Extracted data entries
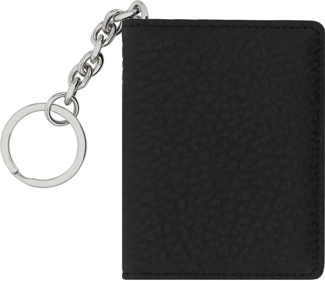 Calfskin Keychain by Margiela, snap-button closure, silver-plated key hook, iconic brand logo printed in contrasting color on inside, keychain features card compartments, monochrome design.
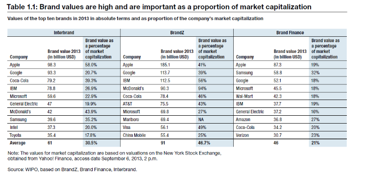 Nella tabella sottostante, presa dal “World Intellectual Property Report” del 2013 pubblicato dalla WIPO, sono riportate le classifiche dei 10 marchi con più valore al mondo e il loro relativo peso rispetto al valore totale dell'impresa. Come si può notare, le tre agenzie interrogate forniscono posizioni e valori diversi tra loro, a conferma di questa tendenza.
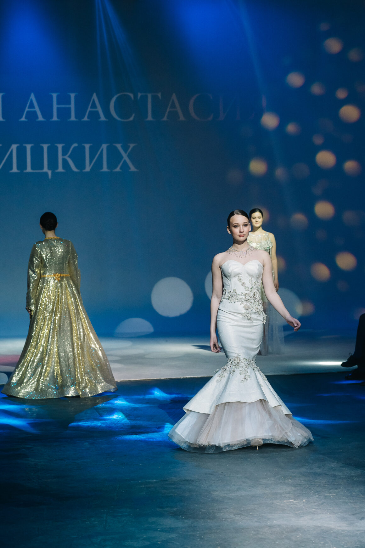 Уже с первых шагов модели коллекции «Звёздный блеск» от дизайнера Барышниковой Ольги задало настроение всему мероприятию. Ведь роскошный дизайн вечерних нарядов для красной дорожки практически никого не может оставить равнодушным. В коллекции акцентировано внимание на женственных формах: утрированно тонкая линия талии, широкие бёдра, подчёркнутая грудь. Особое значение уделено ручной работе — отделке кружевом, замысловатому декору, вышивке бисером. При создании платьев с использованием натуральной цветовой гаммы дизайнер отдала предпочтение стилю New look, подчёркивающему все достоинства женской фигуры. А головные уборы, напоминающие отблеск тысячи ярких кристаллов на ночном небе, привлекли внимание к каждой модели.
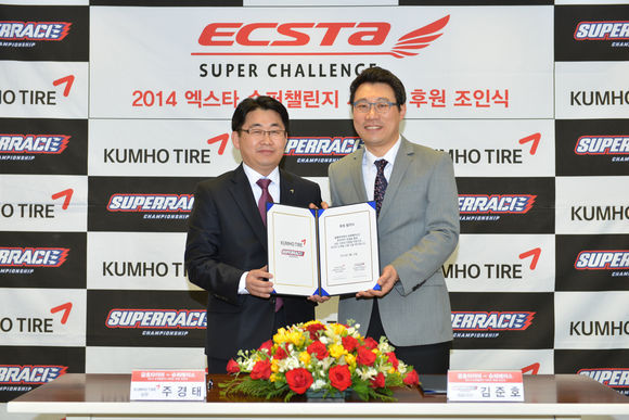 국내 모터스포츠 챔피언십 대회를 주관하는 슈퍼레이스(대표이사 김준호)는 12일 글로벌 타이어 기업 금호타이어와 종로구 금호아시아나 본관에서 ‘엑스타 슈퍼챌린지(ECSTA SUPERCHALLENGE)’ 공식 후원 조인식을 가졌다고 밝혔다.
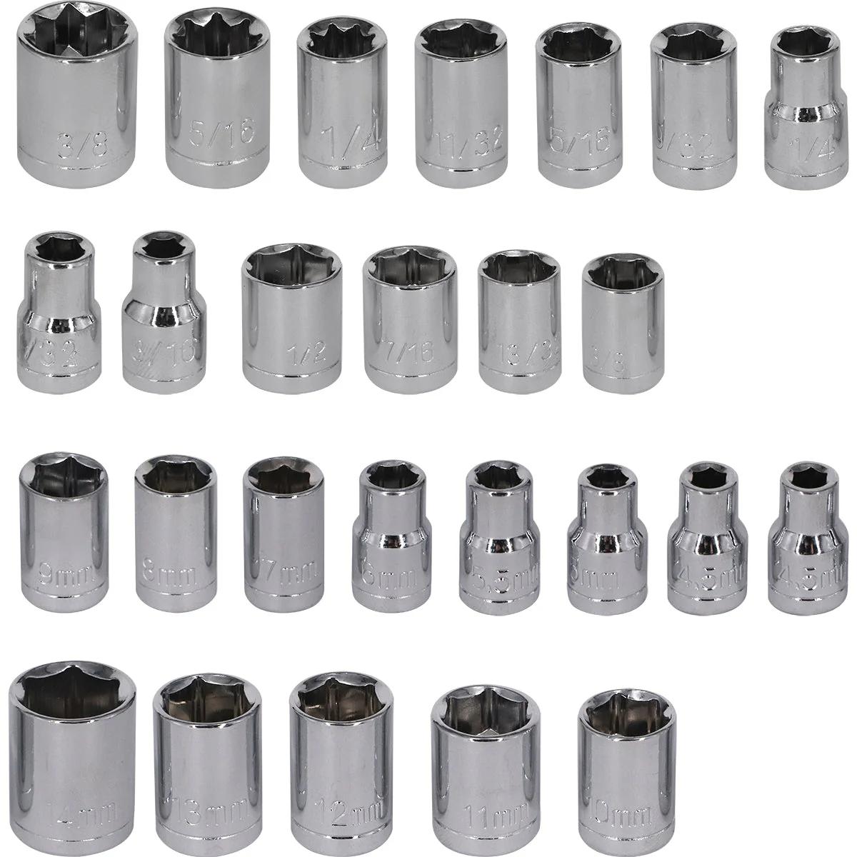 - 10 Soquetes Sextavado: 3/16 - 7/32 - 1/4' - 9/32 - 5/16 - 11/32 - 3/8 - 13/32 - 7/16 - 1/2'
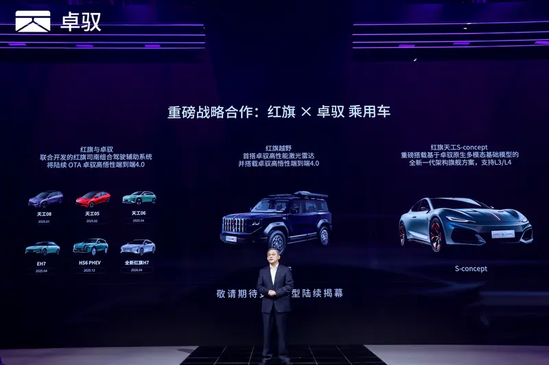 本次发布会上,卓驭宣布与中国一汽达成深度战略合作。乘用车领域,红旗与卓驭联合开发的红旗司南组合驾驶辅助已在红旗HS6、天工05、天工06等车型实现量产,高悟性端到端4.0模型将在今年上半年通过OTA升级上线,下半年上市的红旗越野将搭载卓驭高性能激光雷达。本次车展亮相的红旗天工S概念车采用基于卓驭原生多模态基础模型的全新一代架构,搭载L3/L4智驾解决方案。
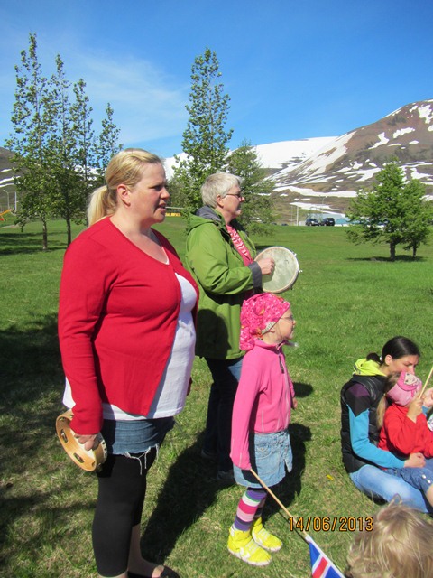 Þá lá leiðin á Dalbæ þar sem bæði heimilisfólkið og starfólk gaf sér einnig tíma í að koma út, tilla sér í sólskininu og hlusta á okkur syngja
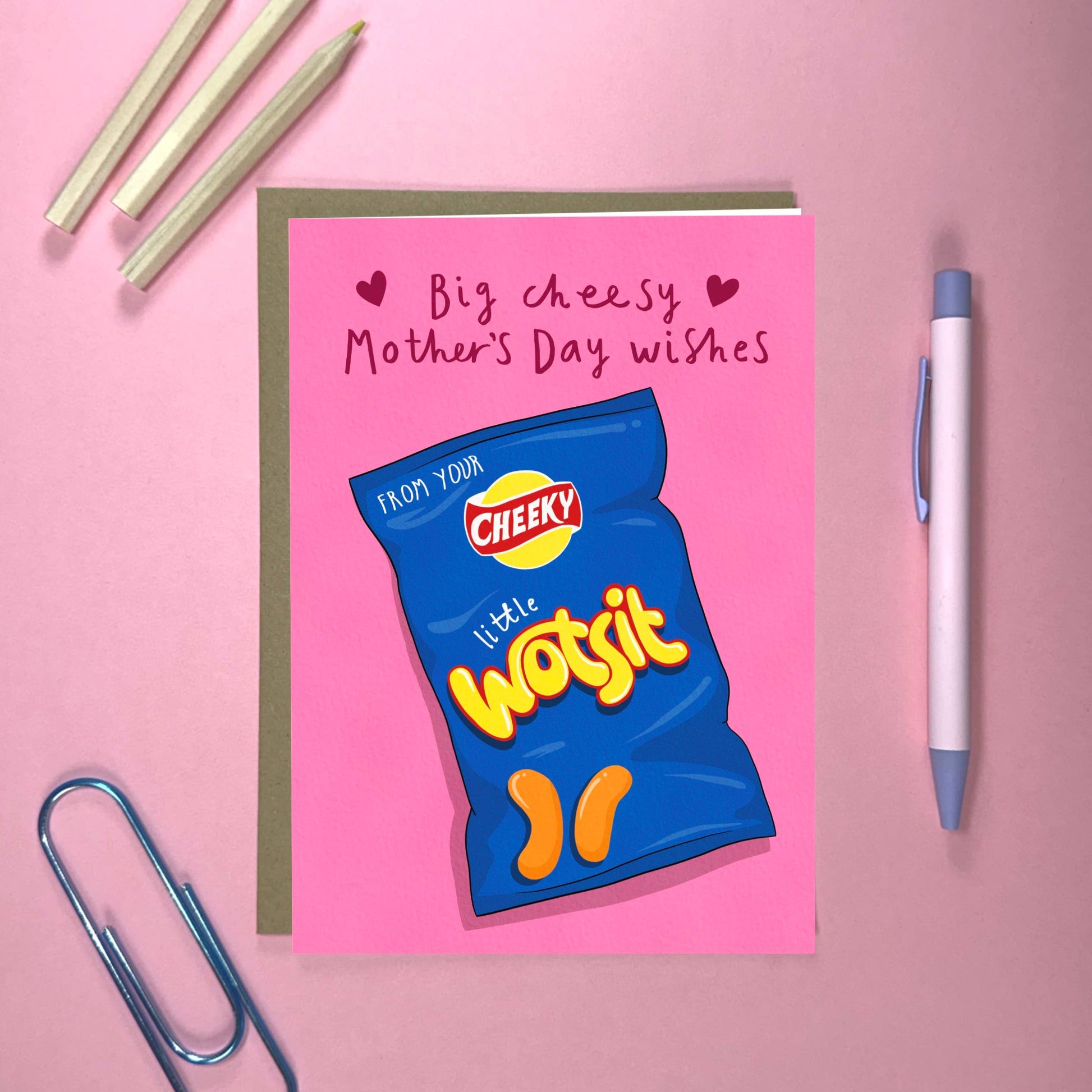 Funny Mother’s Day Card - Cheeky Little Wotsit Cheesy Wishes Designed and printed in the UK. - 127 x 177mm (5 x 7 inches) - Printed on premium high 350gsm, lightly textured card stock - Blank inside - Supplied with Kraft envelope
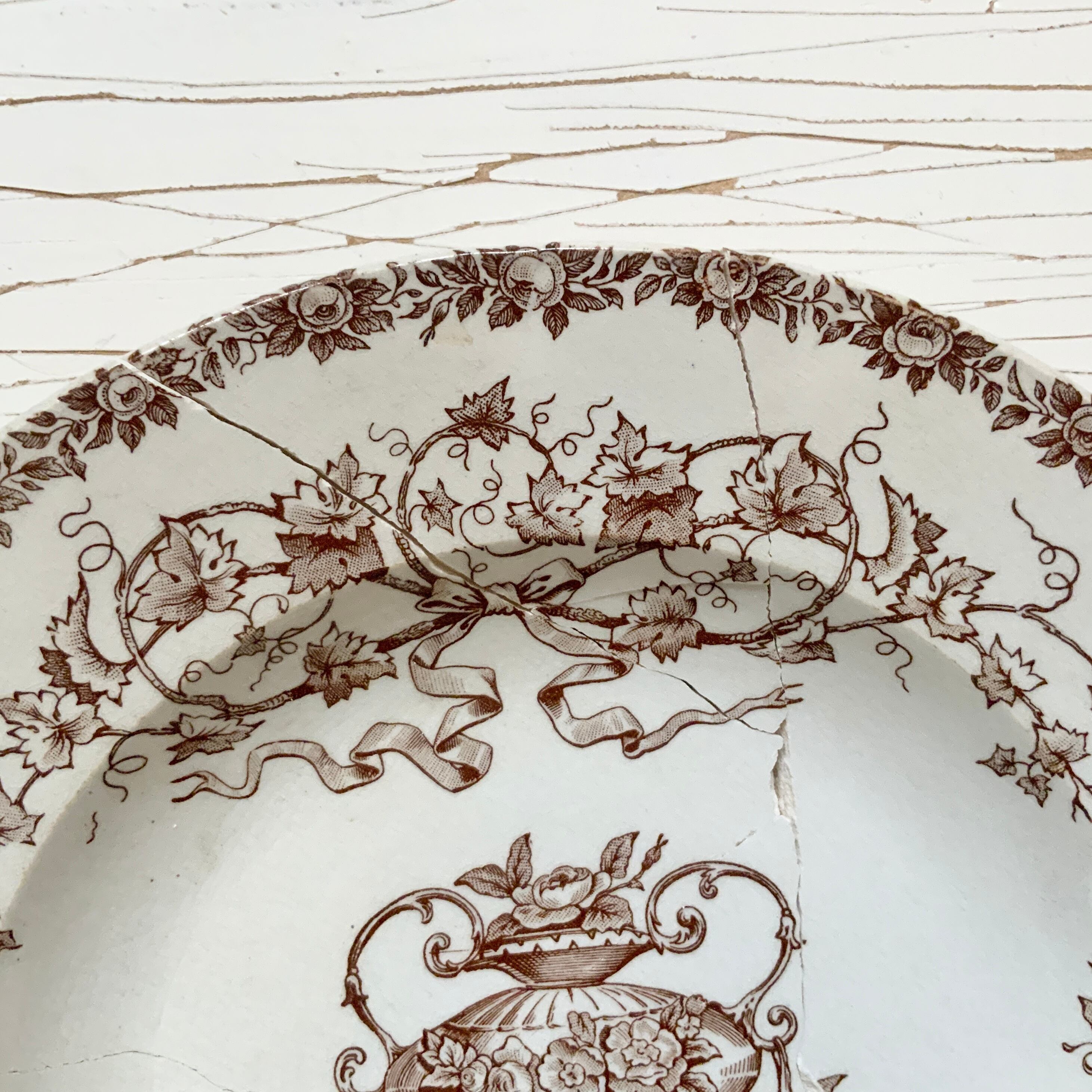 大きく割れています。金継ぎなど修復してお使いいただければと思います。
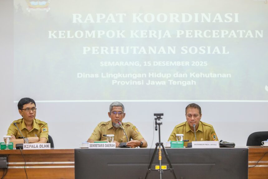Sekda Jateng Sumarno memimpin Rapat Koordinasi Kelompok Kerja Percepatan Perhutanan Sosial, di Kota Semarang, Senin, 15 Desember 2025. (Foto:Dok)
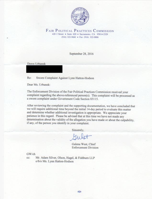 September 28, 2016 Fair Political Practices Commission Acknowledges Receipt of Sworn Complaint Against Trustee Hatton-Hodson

Prompt:
In the entries above, find the line that contains "Nella tabella sottostante, presa", then repeat exactly every line from the first one through that line, with no pictures.

Reply to the task:
 Calfskin Keychain by Margiela, snap-button closure, silver-plated key hook, iconic brand logo printed in contrasting color on inside, keychain features card compartments, monochrome design.
 Nella tabella sottostante, presa dal “World Intellectual Property Report” del 2013 pubblicato dalla WIPO, sono riportate le classifiche dei 10 marchi con più valore al mondo e il loro relativo peso rispetto al valore totale dell'impresa. Come si può notare, le tre agenzie interrogate forniscono posizioni e valori diversi tra loro, a conferma di questa tendenza.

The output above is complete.